觀 → 旅
Hexagram 20: Contemplation → Hexagram 56: The Wanderer
Changing Lines
This transformation involves 3 changing lines (lines 1, 3, 5).
Line 1
初六 童觀。小人无咎。君子吝。
Six at the beginning means: Boy like contemplation. For an inferior man, no blame. For a superior man, humiliation.
Line 3
六三 觀我生進退。
Six in the third place means: Contemplation of my life Decides the choice Between advance and retreat.
Line 5
九五 觀我生。君子无咎。
Nine in the fifth place means: Contemplation of my life. The superior man is without blame.
Trigram Changes
Yilin Verse
梅李冬實,國多盜賊;亂擾並作,王不能制。
Plum and pear bear fruit in winter, the state abounds with bandits and thieves; turmoil and upheaval arise together -- the king cannot impose control.
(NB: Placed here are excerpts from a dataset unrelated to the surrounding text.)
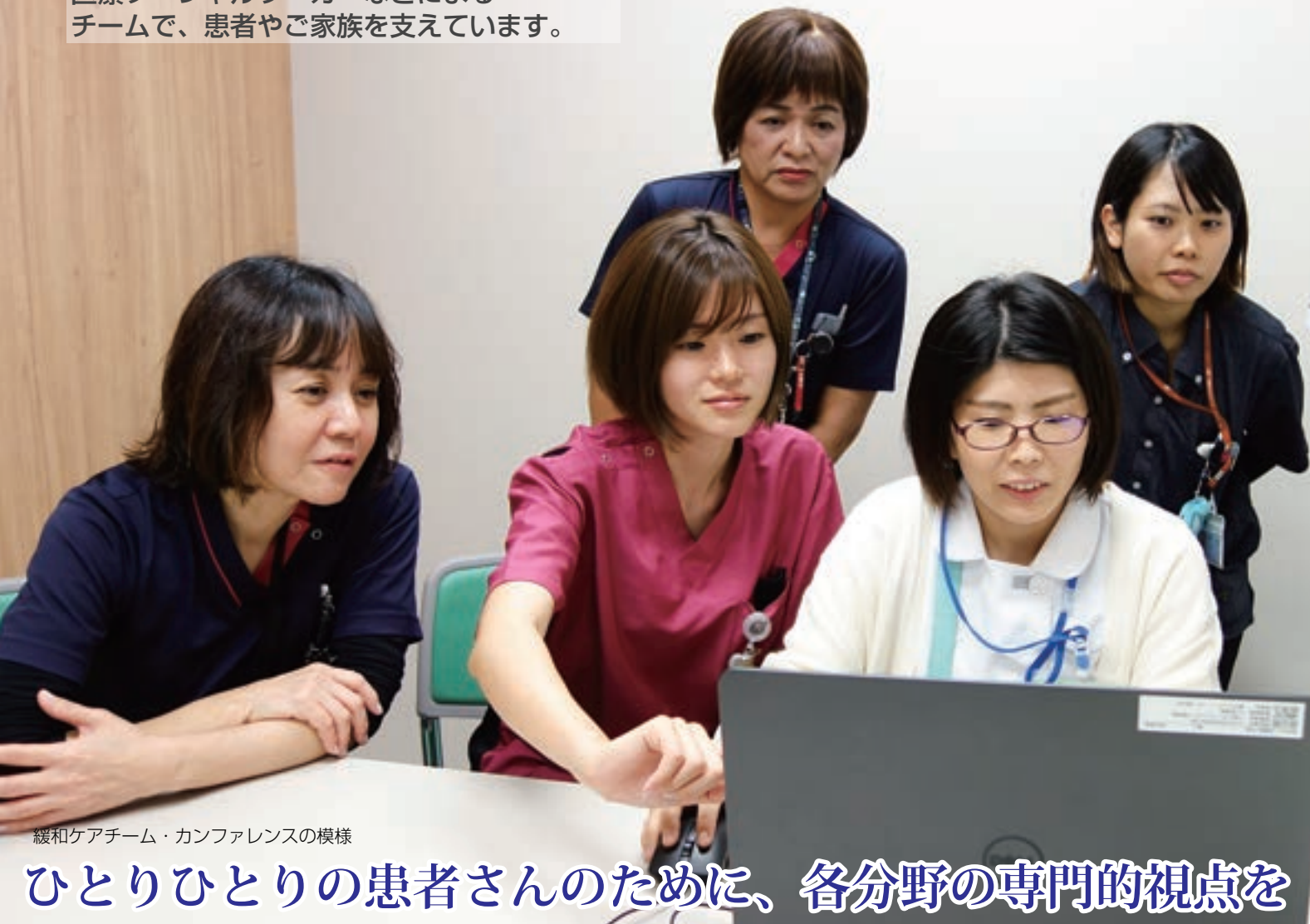
緩和ケアチーム・カンファレンスの模様

医師、看護師、理学・作業療法士、薬剤師、医療ソーシャルワーカーなどによるチームで、患者やご家族を支えています。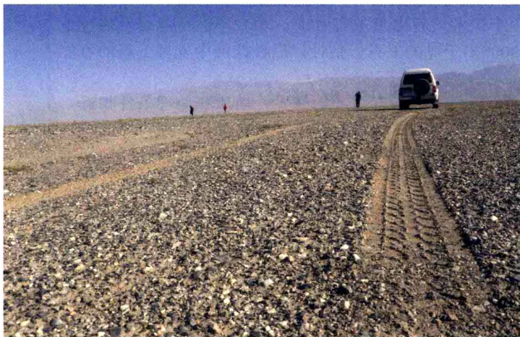
若羌县和田戈壁玉出产地。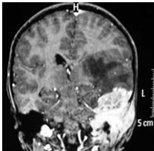
Figura 3 - RM de encéfalo T1 contrastada em corte coronal da referida lesão.

— Jiao Yanshou, Yilin (Forest of Changes), 1st century BCE
Commentary
Wind over earth watches the natural order invert as disorder spreads. Plums and plum-trees bear fruit in winter — an unnatural portent — and the state swarms with bandits and thieves. Chaos erupts on every side, and the king cannot bring it under control. Fruit appearing out of season signals that nature's rhythms have broken down, mirroring social collapse. Fire over mountain forms the Wanderer, who must navigate hostile territory with caution and clear judgment. From Contemplation to the Wanderer, observation reveals a landscape unsafe for settlement: when seasonal norms fail and brigands roam, staying still is no longer viable. The observer must become a traveler, moving carefully through a world where neither nature nor governance can be trusted.